Я помассировал веки и вернулся к работе. Я в отчаянии смотрел на курсор, мигающий в верхней части экрана в левой части чистой страницы. Вот включил старый «Макинтош», привезенный Кароль, в почти безумной надежде на то, что эта машина из прошлого подтолкнет творческий процесс. На этой клавиатуре во времена моего «расцвета» я написал сотни страниц, но компьютер – это не волшебная палочка.
Неспособный сконцентрироваться даже на минуту, не в силах написать хотя бы три связных слова, я одновременно с уверенностью в себе потерял и нить моей истории.
Гроза делала атмосферу тяжелой и давящей. Неподвижно сидя перед экраном, я почувствовал, как подступает тошнота, голова закружилась. Мысли мои витали в другом месте, мозг был занят другими заботами, и написать хоть какое-то начало главы мне казалось более опасным предприятием, чем восхождение на Гималаи.
Допив последний глоток кофе, я встал, чтобы заказать еще чашку. Внутри зал выглядел как английский бар. Деревянные панели, маркетри и кожаные диванчики создавали уютную и теплую атмосферу.

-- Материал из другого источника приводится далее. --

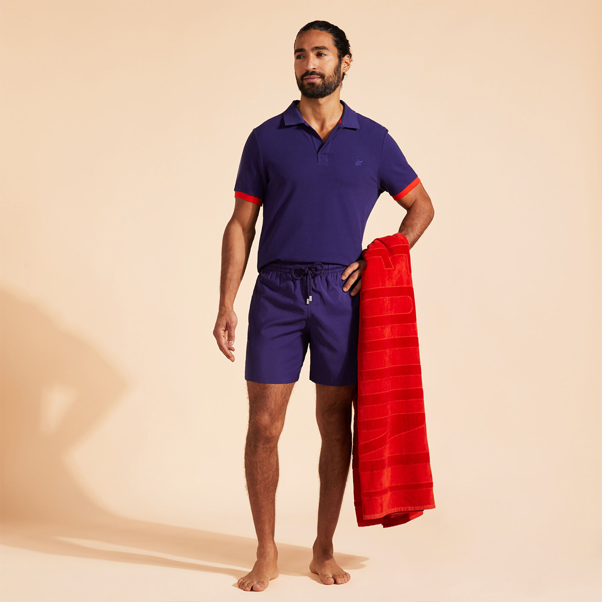 • İpli elastik bel bandı, bel arkasında ikonik Vilebrequin logo

Я подошел к стойке и стал рассматривать внушительную коллекцию бутылок, выстроившуюся на полках из красного дерева. Это место поощряло заказать не кофе, а виски или коньяк и смаковать напиток, затягиваясь гаванской сигарой, слушая запись Дина Мартина на старой виниловой пластинке.
В эту минуту кто-то сел за пианино в углу зала, зазвучали первые ноты «As Time Goes By». Я повернулся посмотреть, почти готовый увидеть Сэма, чернокожего пианиста-американца из фильма «Касабланка».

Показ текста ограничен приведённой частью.